Rechtspraak
Uitspraakdatum
19-01-2015
ECLI
ECLI:NL:TADRAMS:2015:18
Zaaknummer
14-077A
Inhoudsindicatie
Verzetbeslissing. Klacht tegen advocaat van een opgeroepen getuige. Verzet ongegrond.
Inhoudsindicatie
Uitspraak
Beslissing van 19 januari 2015
in de zaak 14-077A
naar aanleiding van het verzet tegen de beslissing van de plaatsvervangend voorzitter van de raad van discipline van 15 april 2014 op de klacht van:
1. B.V.
2. B.V.
vertegenwoordigd door: de heer dr. ir.
gemachtigde: mr.
klaagsters
tegen:
mevrouw mr.
advocaat te
gemachtigde: mr.
verweerster
1 VERLOOP VAN DE PROCEDURE
1.1 Bij brief aan de raad van 18 maart 2014 met kenmerk PvRA/AvO 40-13-08391, door de raad ontvangen op 20 maart 2014, heeft de deken van de Orde van Advocaten in het arrondissement Amsterdam de klacht ter kennis van de raad gebracht.

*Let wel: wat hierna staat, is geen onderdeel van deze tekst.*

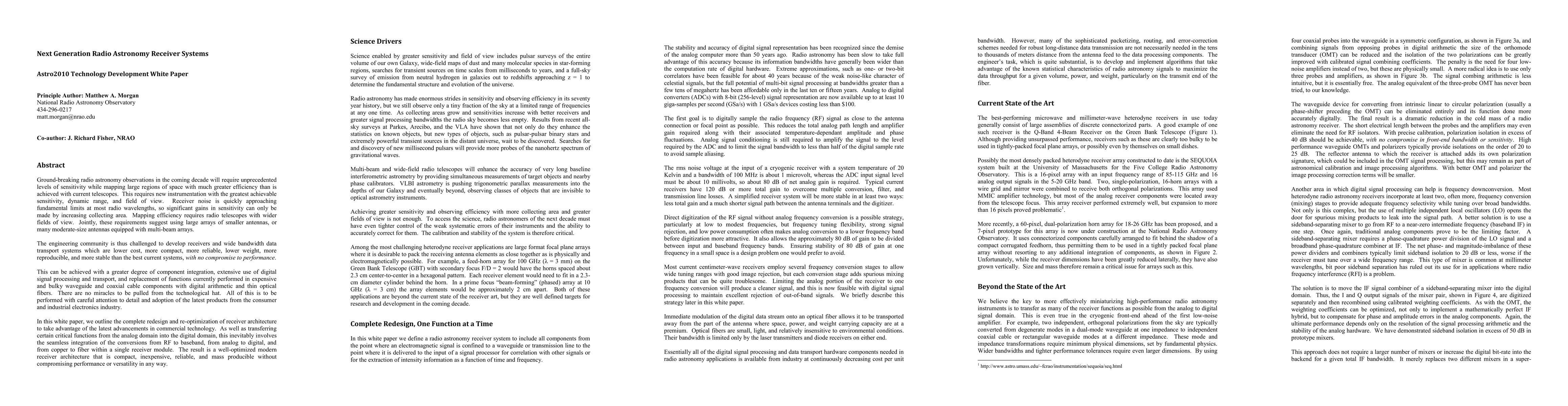 Researchers propose a new design for radio astronomy receiver systems that integrate digital signal processing and fiber optics to increase sensitivity while reducing cost, size, and weight. The goal is to enable more efficient mapping of large regions of space with greater precision.
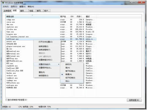 手动将LolClient.exe的优先级调低,并将LOL的优先级调高之后,玩家们的FPS性能可以获得明显的改善。手动设置这个选项能够使你的电脑优先将系统资源分配给LOL(游戏),而不是优先将资源分配给PVP.Net(聊天大厅)。
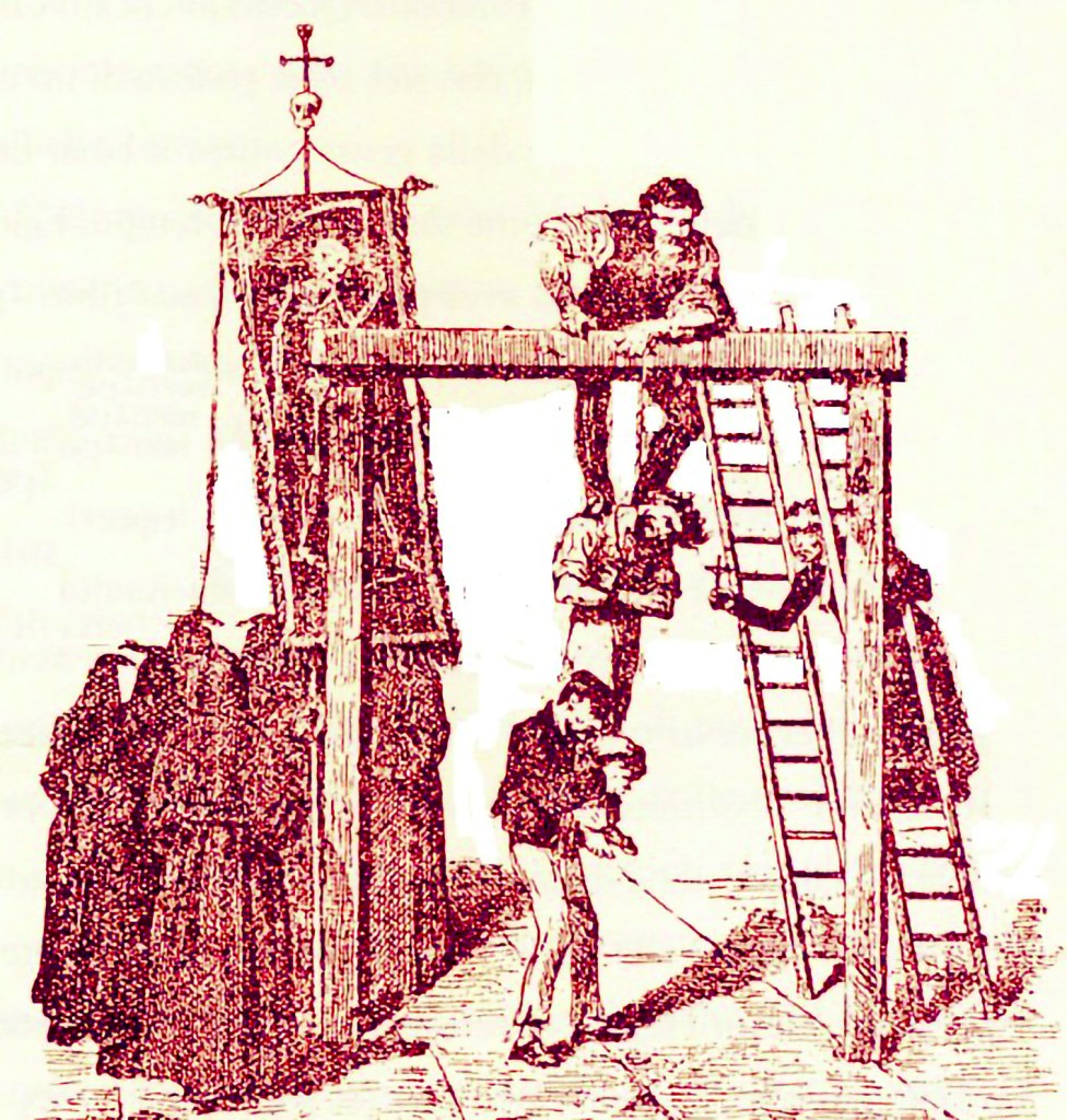 vénéva condannati a morì a lla forca. Pe ll’occasió pe Caturnio la refacénno nòva. Tre pali robusti de castégna camiséglio, tagliati a nna cióppara a Formale Nóvo. Dóa i pianténno prófunni pettèra a distanza no paro de metri j’uno da j’aro e jo tèrzo orizzontale che gli teneva uniti alla parte superiore. A jo palo orizziontale ci fissénno na funi nòva nòva co nó nnuto scórzujo da métte a jo cóglio Caturnio.

1.2 Bij beslissing van 15 april 2014 heeft de plaatsvervangend voorzitter van de raad (hierna: de voorzitter) de klacht kennelijk ongegrond verklaard, welke beslissing op 15 april 2014 is verzonden aan klaagsters.
1.3 Bij faxbrief van 28 april 2014, door de raad ontvangen op diezelfde dag, hebben klaagsters verzet ingesteld tegen de beslissing van de voorzitter.
1.4 Het verzet is behandeld ter zitting van de raad van 24 november 2014 in aanwezigheid van partijen. Ter zitting werden klaagsters en verweerster bijgestaan door hun gemachtigden, mr. P, respectievelijk mr. J.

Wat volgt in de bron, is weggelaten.